Assignment — Copy every line of the data below exactly as given, except for the pictures.

Data entries

===

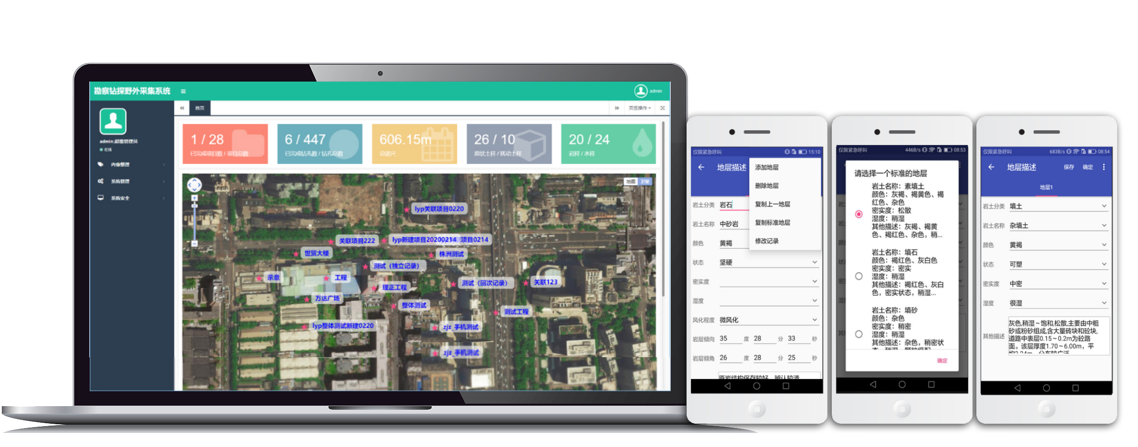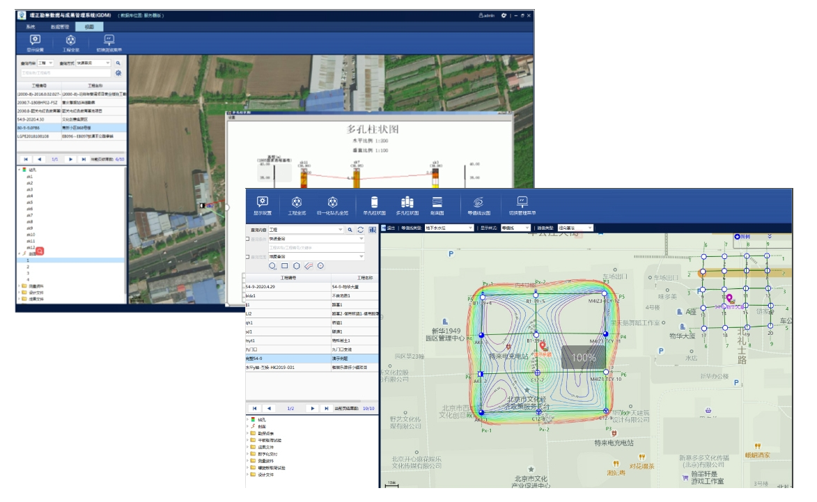 系统完成DBMS的核心功能,集成包含了数据服务器和文件服务器等,提供勘察数据和文件的上传下载服务,采用web管理后台,实现数据共享和多人协作,可支持多人同时访问中心服务器。并将勘察数据与高德网络地图相结合,实现对勘察数据、地质图件、勘察成果等资料的综合管理。包含多种数据查询方式,允许自定义查询条件高级查询,根据用户需求快速提取相关数据和文档资料,并可实时查看工程详细信息、文档,即时生成单孔柱状图、多孔柱状图、剖面图,便于历史资料分析及重复利用。同时提供用户和功能权限管理,保证工程资料的安全使用。勘察软件支持一键提交理正勘察数据到中心服务器,实现与理正勘察软件的无缝连接。
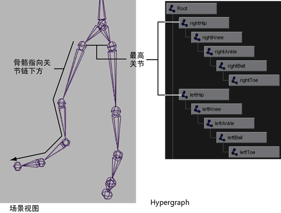 关节链是任何一组串联的关节及其骨骼。关节以线性方式连接,它们的路径以骨骼的形式表现在屏幕上。关节链从链层次的最高关节处开始,然后沿链向下绘制骨骼。
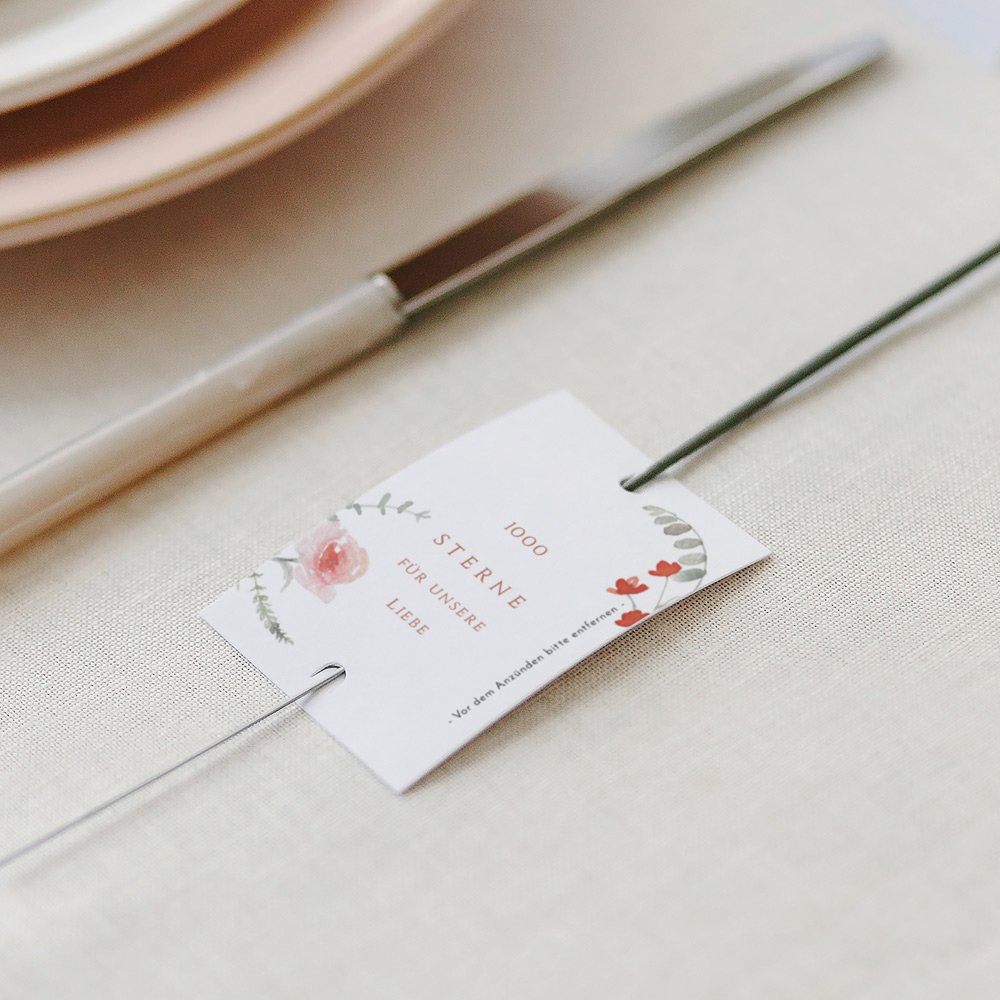 Unser Tipp: Legen Sie die Wunderkerzen mit diesen Etiketten am jeweiligen Platz des Gastes auf den Hochzeitstischen aus!
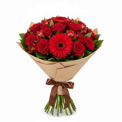 Buquê deslumbrante composto por 6 rosas vermelhas, 1 gérbera vermelha, 2 alstroemérias vermelhas e 3 rosas spray vermelhas, complementado por 4 hastes de folhagem de ruscus que trazem equilíbrio e estrutura ao arranjo. A composição é intensa, vibrante e elegante, ideal para expressar sentimentos profundos e marcantes em ocasiões especiais, sem perder a sofisticação.
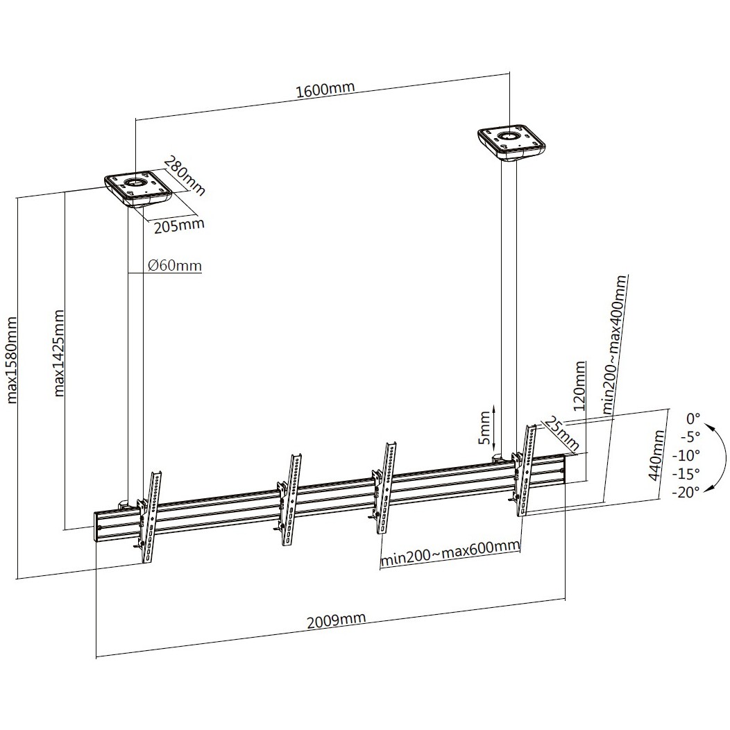 Equip Deckenhalterung 45″-55″/2TFT je 50kg 1Gelenk neig. sw lite Retail (Speditionsversand)

===

Task output —
 系统完成DBMS的核心功能,集成包含了数据服务器和文件服务器等,提供勘察数据和文件的上传下载服务,采用web管理后台,实现数据共享和多人协作,可支持多人同时访问中心服务器。并将勘察数据与高德网络地图相结合,实现对勘察数据、地质图件、勘察成果等资料的综合管理。包含多种数据查询方式,允许自定义查询条件高级查询,根据用户需求快速提取相关数据和文档资料,并可实时查看工程详细信息、文档,即时生成单孔柱状图、多孔柱状图、剖面图,便于历史资料分析及重复利用。同时提供用户和功能权限管理,保证工程资料的安全使用。勘察软件支持一键提交理正勘察数据到中心服务器,实现与理正勘察软件的无缝连接。
 关节链是任何一组串联的关节及其骨骼。关节以线性方式连接,它们的路径以骨骼的形式表现在屏幕上。关节链从链层次的最高关节处开始,然后沿链向下绘制骨骼。
 Unser Tipp: Legen Sie die Wunderkerzen mit diesen Etiketten am jeweiligen Platz des Gastes auf den Hochzeitstischen aus!
 Buquê deslumbrante composto por 6 rosas vermelhas, 1 gérbera vermelha, 2 alstroemérias vermelhas e 3 rosas spray vermelhas, complementado por 4 hastes de folhagem de ruscus que trazem equilíbrio e estrutura ao arranjo. A composição é intensa, vibrante e elegante, ideal para expressar sentimentos profundos e marcantes em ocasiões especiais, sem perder a sofisticação.
 Equip Deckenhalterung 45″-55″/2TFT je 50kg 1Gelenk neig. sw lite Retail (Speditionsversand)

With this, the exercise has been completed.